Problem to work on:
Print every line of the listing below, starting with the line that holds "今日早盘,AI概念股再度集体" and going on through the line that holds "11 × 21 16 ×", both included, and print nothing else.

Data for processing Start Marker

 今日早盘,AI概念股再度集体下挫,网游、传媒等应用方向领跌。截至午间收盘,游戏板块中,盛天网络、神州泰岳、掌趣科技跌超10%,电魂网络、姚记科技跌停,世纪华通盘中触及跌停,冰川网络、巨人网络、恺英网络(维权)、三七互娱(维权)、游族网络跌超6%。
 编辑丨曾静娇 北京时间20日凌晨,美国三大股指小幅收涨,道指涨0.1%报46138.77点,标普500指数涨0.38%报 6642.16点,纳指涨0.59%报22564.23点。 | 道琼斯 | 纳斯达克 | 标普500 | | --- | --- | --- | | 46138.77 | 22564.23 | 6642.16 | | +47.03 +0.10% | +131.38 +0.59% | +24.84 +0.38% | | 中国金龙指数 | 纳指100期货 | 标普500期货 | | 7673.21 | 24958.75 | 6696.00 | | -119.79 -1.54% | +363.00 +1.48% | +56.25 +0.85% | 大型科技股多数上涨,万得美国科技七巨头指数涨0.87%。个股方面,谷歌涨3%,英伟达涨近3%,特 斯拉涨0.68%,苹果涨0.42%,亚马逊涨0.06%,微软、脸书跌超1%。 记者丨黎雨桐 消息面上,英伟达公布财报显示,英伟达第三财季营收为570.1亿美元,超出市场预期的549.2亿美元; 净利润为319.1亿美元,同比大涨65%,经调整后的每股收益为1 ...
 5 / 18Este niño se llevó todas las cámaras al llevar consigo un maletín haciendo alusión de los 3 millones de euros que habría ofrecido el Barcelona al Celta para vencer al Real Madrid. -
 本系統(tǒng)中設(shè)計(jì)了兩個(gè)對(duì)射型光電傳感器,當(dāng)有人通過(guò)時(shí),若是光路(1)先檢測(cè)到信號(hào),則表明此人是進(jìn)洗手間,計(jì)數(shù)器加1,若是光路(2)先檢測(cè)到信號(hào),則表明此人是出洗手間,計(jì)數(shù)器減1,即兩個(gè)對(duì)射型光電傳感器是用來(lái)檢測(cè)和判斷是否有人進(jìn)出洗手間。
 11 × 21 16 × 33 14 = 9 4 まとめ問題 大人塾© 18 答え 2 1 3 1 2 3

Data for processing End Marker
Data for processing Start Marker

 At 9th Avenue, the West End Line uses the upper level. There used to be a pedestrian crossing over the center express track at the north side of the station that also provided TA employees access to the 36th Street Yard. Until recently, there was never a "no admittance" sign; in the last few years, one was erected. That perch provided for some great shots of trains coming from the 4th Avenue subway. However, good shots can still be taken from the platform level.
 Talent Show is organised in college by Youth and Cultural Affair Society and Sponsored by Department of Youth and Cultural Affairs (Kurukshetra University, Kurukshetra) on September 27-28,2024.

Data for processing End Marker

Output of the exercise:
 今日早盘,AI概念股再度集体下挫,网游、传媒等应用方向领跌。截至午间收盘,游戏板块中,盛天网络、神州泰岳、掌趣科技跌超10%,电魂网络、姚记科技跌停,世纪华通盘中触及跌停,冰川网络、巨人网络、恺英网络(维权)、三七互娱(维权)、游族网络跌超6%。
 编辑丨曾静娇 北京时间20日凌晨,美国三大股指小幅收涨,道指涨0.1%报46138.77点,标普500指数涨0.38%报 6642.16点,纳指涨0.59%报22564.23点。 | 道琼斯 | 纳斯达克 | 标普500 | | --- | --- | --- | | 46138.77 | 22564.23 | 6642.16 | | +47.03 +0.10% | +131.38 +0.59% | +24.84 +0.38% | | 中国金龙指数 | 纳指100期货 | 标普500期货 | | 7673.21 | 24958.75 | 6696.00 | | -119.79 -1.54% | +363.00 +1.48% | +56.25 +0.85% | 大型科技股多数上涨,万得美国科技七巨头指数涨0.87%。个股方面,谷歌涨3%,英伟达涨近3%,特 斯拉涨0.68%,苹果涨0.42%,亚马逊涨0.06%,微软、脸书跌超1%。 记者丨黎雨桐 消息面上,英伟达公布财报显示,英伟达第三财季营收为570.1亿美元,超出市场预期的549.2亿美元; 净利润为319.1亿美元,同比大涨65%,经调整后的每股收益为1 ...
 5 / 18Este niño se llevó todas las cámaras al llevar consigo un maletín haciendo alusión de los 3 millones de euros que habría ofrecido el Barcelona al Celta para vencer al Real Madrid. -
 本系統(tǒng)中設(shè)計(jì)了兩個(gè)對(duì)射型光電傳感器,當(dāng)有人通過(guò)時(shí),若是光路(1)先檢測(cè)到信號(hào),則表明此人是進(jìn)洗手間,計(jì)數(shù)器加1,若是光路(2)先檢測(cè)到信號(hào),則表明此人是出洗手間,計(jì)數(shù)器減1,即兩個(gè)對(duì)射型光電傳感器是用來(lái)檢測(cè)和判斷是否有人進(jìn)出洗手間。
 11 × 21 16 × 33 14 = 9 4 まとめ問題 大人塾© 18 答え 2 1 3 1 2 3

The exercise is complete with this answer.